_Task details_: Output only the lines below from the one containing "High density soft" to the one containing "Nachdem der Staat", exactly as written, both ends kept.

_Data for review_:
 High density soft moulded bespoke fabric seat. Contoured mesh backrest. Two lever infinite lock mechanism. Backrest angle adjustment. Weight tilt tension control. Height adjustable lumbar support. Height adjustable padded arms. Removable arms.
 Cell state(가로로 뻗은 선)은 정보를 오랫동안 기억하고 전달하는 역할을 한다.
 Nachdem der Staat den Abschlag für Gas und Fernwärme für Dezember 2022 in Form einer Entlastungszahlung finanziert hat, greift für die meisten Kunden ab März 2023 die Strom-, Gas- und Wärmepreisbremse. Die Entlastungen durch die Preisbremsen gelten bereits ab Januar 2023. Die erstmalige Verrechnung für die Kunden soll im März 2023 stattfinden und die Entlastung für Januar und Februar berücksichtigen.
==
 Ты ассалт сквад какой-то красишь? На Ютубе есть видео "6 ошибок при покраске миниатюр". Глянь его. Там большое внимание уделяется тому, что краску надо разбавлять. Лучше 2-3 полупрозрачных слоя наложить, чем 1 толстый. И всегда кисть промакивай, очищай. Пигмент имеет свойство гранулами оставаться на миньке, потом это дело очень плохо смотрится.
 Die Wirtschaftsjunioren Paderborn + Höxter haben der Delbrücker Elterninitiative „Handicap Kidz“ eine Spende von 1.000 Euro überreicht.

_Response for this exercise_:
 High density soft moulded bespoke fabric seat. Contoured mesh backrest. Two lever infinite lock mechanism. Backrest angle adjustment. Weight tilt tension control. Height adjustable lumbar support. Height adjustable padded arms. Removable arms.
 Cell state(가로로 뻗은 선)은 정보를 오랫동안 기억하고 전달하는 역할을 한다.
 Nachdem der Staat den Abschlag für Gas und Fernwärme für Dezember 2022 in Form einer Entlastungszahlung finanziert hat, greift für die meisten Kunden ab März 2023 die Strom-, Gas- und Wärmepreisbremse. Die Entlastungen durch die Preisbremsen gelten bereits ab Januar 2023. Die erstmalige Verrechnung für die Kunden soll im März 2023 stattfinden und die Entlastung für Januar und Februar berücksichtigen.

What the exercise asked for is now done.